**WHAT YOU SHOULD DO**: Beneath this line sits some data. Return only its lines from the one holding "岡(8画)嵜(11画) 圭(6画)二(2画)郎(10画)" through the one holding "07:56:28Es wird ein", inclusive, exactly, with the images removed.

**DATASET CONTENT**:
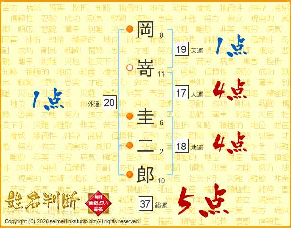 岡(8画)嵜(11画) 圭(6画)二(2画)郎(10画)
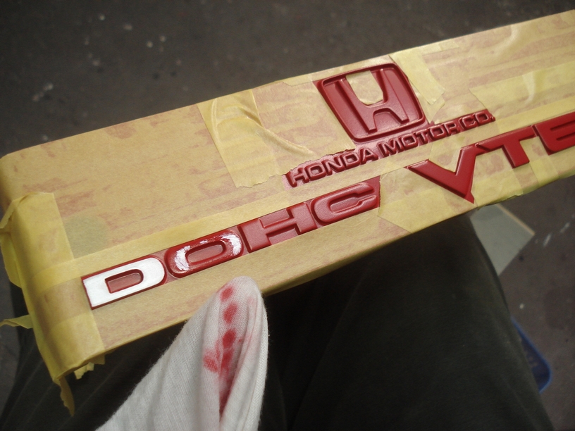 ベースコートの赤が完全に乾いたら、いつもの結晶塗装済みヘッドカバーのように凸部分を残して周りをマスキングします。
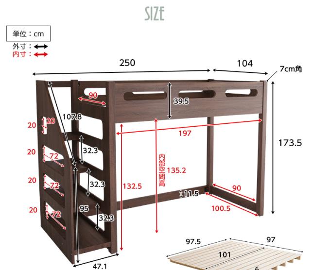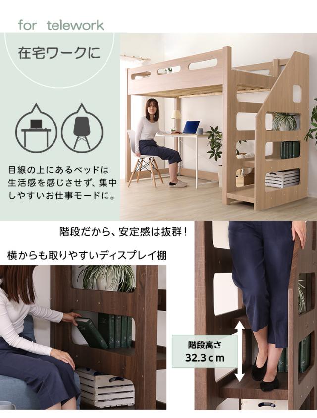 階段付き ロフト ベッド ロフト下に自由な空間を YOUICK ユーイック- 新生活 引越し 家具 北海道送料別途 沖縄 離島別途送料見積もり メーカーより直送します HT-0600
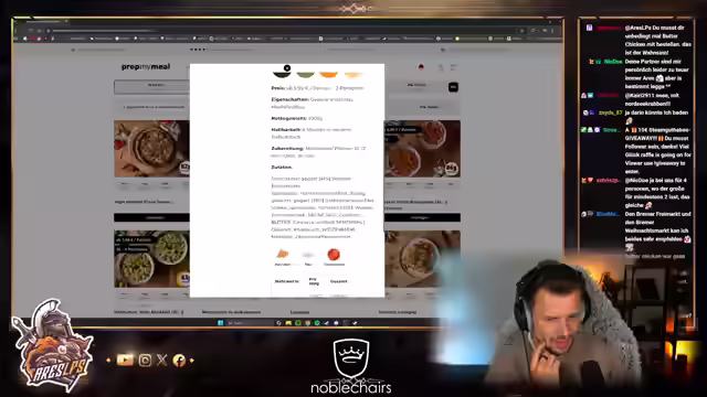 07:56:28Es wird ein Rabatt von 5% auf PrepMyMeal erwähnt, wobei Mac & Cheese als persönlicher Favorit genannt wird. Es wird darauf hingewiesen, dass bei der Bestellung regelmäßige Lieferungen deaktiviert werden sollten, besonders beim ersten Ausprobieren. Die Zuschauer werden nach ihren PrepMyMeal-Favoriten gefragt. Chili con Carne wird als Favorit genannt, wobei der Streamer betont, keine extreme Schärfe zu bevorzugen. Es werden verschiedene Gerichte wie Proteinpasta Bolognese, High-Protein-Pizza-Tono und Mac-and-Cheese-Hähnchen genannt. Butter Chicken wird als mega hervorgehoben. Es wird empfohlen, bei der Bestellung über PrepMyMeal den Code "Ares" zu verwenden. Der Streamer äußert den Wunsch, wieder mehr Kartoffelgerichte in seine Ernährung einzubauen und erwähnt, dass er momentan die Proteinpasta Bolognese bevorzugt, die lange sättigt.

--

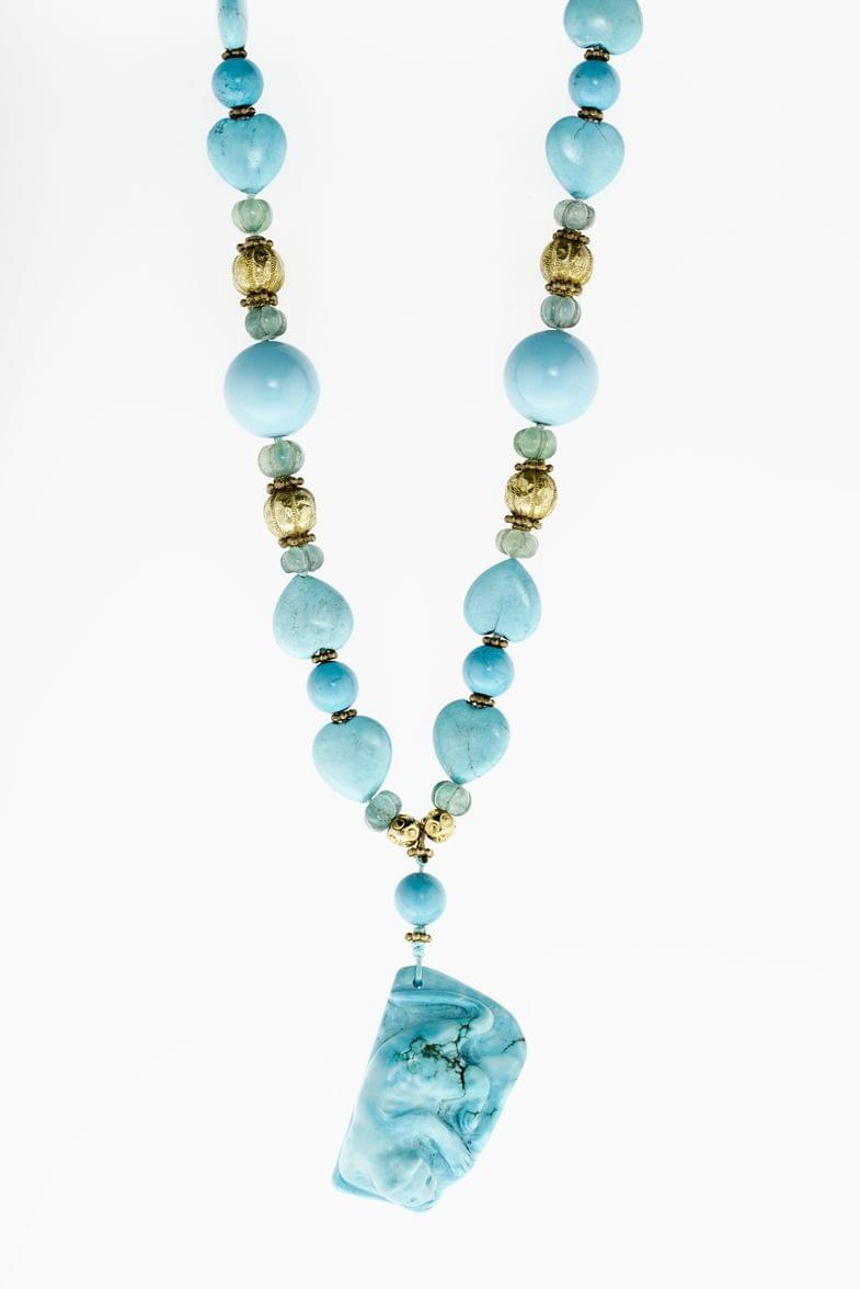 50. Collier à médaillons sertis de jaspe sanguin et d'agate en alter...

**OUTPUT FOR THIS TASK**:
 岡(8画)嵜(11画) 圭(6画)二(2画)郎(10画)
 ベースコートの赤が完全に乾いたら、いつもの結晶塗装済みヘッドカバーのように凸部分を残して周りをマスキングします。
 階段付き ロフト ベッド ロフト下に自由な空間を YOUICK ユーイック- 新生活 引越し 家具 北海道送料別途 沖縄 離島別途送料見積もり メーカーより直送します HT-0600
 07:56:28Es wird ein Rabatt von 5% auf PrepMyMeal erwähnt, wobei Mac & Cheese als persönlicher Favorit genannt wird. Es wird darauf hingewiesen, dass bei der Bestellung regelmäßige Lieferungen deaktiviert werden sollten, besonders beim ersten Ausprobieren. Die Zuschauer werden nach ihren PrepMyMeal-Favoriten gefragt. Chili con Carne wird als Favorit genannt, wobei der Streamer betont, keine extreme Schärfe zu bevorzugen. Es werden verschiedene Gerichte wie Proteinpasta Bolognese, High-Protein-Pizza-Tono und Mac-and-Cheese-Hähnchen genannt. Butter Chicken wird als mega hervorgehoben. Es wird empfohlen, bei der Bestellung über PrepMyMeal den Code "Ares" zu verwenden. Der Streamer äußert den Wunsch, wieder mehr Kartoffelgerichte in seine Ernährung einzubauen und erwähnt, dass er momentan die Proteinpasta Bolognese bevorzugt, die lange sättigt.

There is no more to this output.